__ACTIVITY__. Reproduce the opening lines of the listing below exactly, stopping after the line that contains "Синтетическое моторное масло" and leaving out any pictures.

__INFORMATION SUPPLIED__.
▶

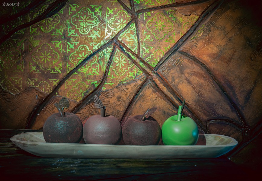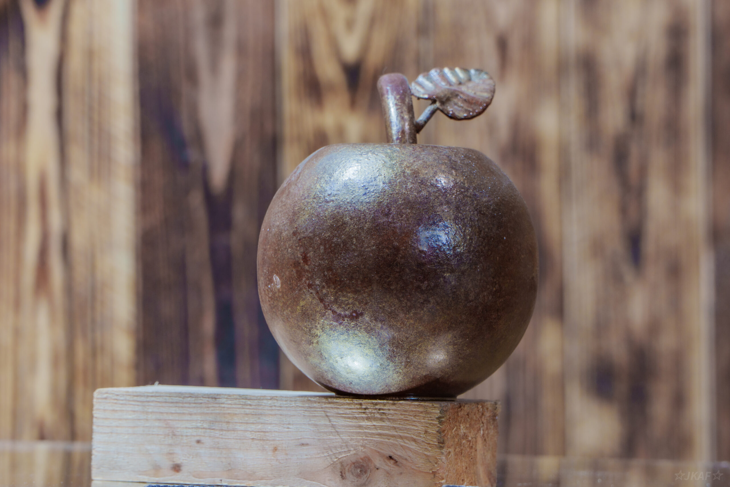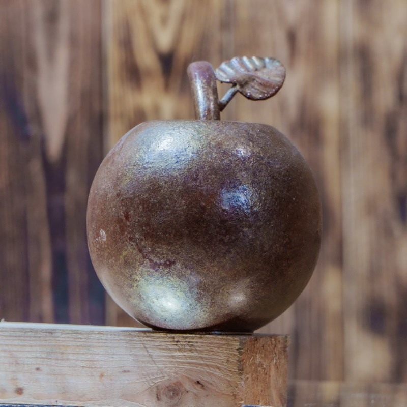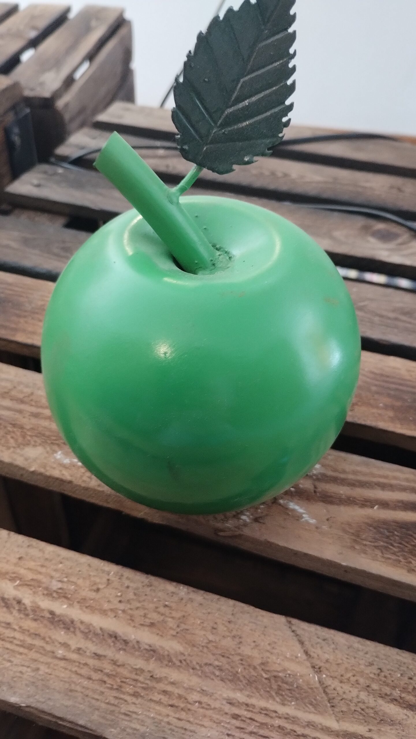 Metalowe jabłko, które zostało wykonane przez podopiecznych Fundacji Na Pomoc. Jest to unikalny produkt, który powstał z metalu pochodzącego z odzysku. Jabłko ma piękny rdzawy kolor, dodając mu charakteru i autentyczności.
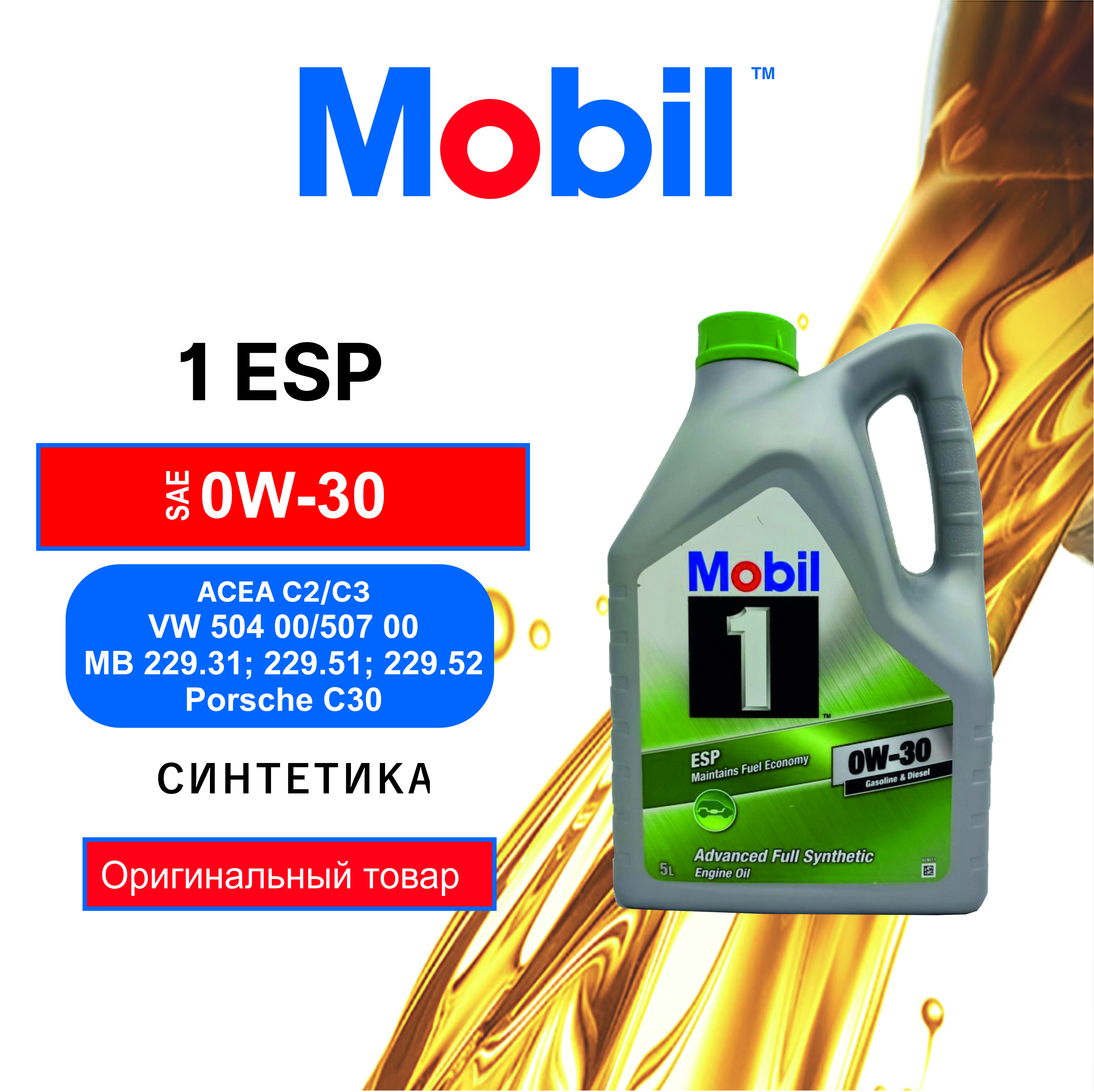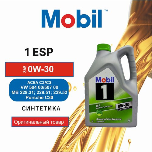 Синтетическое моторное масло MOBIL 1 ESP 0W-30, 5 л, 1 шт.
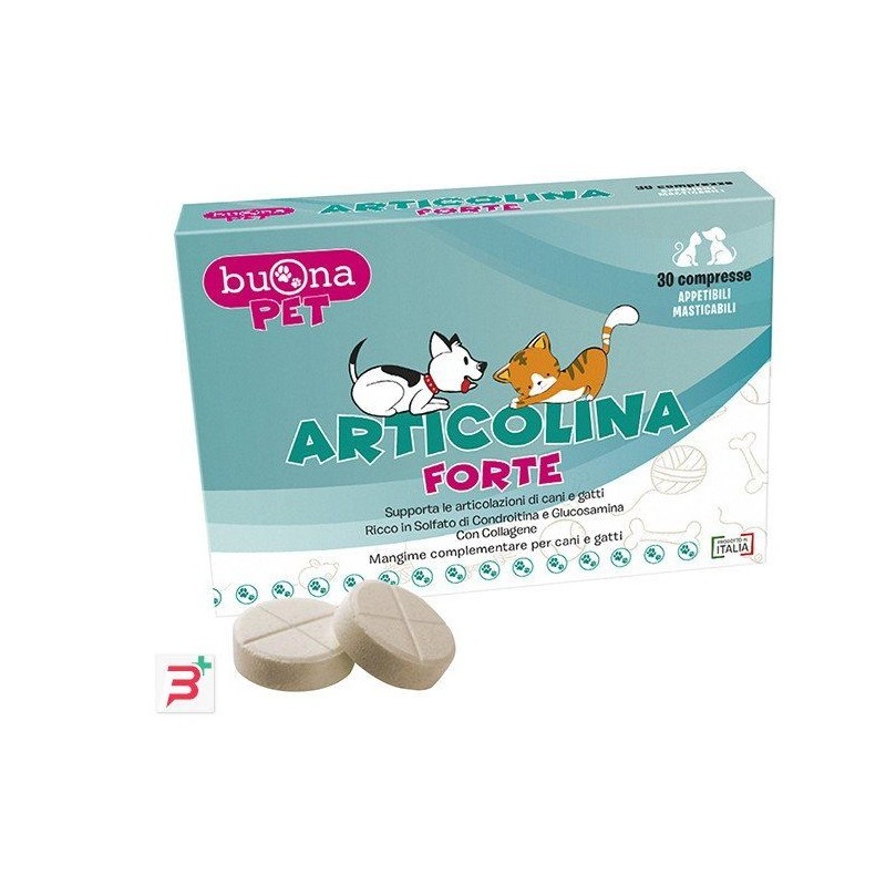 ARTICOLINA FORTE è un mangime complementare per cani e gatti formulato in compresse masticabili ed appetibili con Solfato di condroitina, Glucosamina e Collagene per supportare la normale funzione delle strutture articolari. Contiene inoltre PEA Levagen+®, ad elevata biodisponibilità.

◀

__SOLUTION TO THIS PROBLEM__.
 Metalowe jabłko, które zostało wykonane przez podopiecznych Fundacji Na Pomoc. Jest to unikalny produkt, który powstał z metalu pochodzącego z odzysku. Jabłko ma piękny rdzawy kolor, dodając mu charakteru i autentyczności.
 Синтетическое моторное масло MOBIL 1 ESP 0W-30, 5 л, 1 шт.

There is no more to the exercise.